_Problem requirements_. The response should contain all of the data below, reproduced exactly, and no pictures.

_Supplied material_.
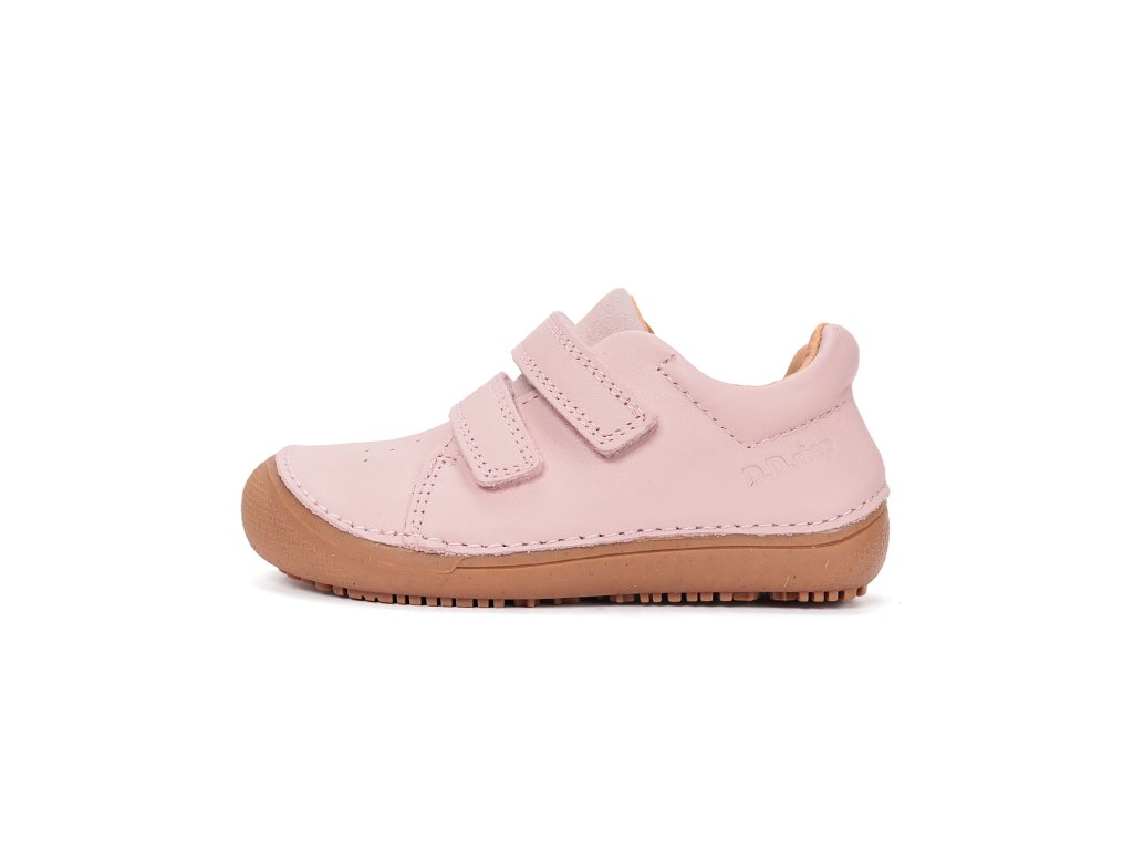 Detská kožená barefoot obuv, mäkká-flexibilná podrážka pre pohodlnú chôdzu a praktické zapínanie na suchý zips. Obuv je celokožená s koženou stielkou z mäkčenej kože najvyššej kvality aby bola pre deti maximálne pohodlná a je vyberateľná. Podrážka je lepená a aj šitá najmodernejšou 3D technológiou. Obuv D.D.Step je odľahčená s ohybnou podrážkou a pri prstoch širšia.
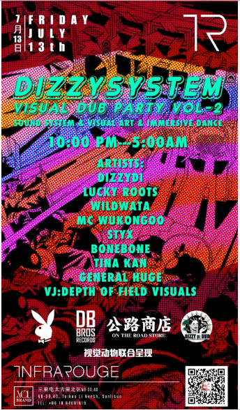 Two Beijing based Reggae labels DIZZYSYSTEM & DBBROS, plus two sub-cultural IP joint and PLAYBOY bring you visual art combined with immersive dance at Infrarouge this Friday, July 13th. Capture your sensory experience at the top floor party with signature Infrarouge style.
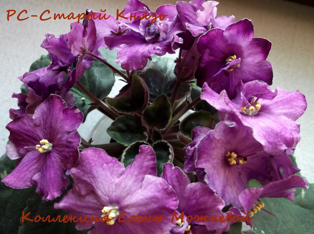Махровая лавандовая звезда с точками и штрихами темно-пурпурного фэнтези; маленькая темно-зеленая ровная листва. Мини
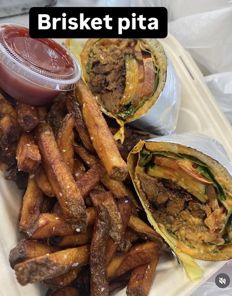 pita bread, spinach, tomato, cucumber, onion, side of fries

_Solution below_.
 Detská kožená barefoot obuv, mäkká-flexibilná podrážka pre pohodlnú chôdzu a praktické zapínanie na suchý zips. Obuv je celokožená s koženou stielkou z mäkčenej kože najvyššej kvality aby bola pre deti maximálne pohodlná a je vyberateľná. Podrážka je lepená a aj šitá najmodernejšou 3D technológiou. Obuv D.D.Step je odľahčená s ohybnou podrážkou a pri prstoch širšia.
 Two Beijing based Reggae labels DIZZYSYSTEM & DBBROS, plus two sub-cultural IP joint and PLAYBOY bring you visual art combined with immersive dance at Infrarouge this Friday, July 13th. Capture your sensory experience at the top floor party with signature Infrarouge style.
Махровая лавандовая звезда с точками и штрихами темно-пурпурного фэнтези; маленькая темно-зеленая ровная листва. Мини
 pita bread, spinach, tomato, cucumber, onion, side of fries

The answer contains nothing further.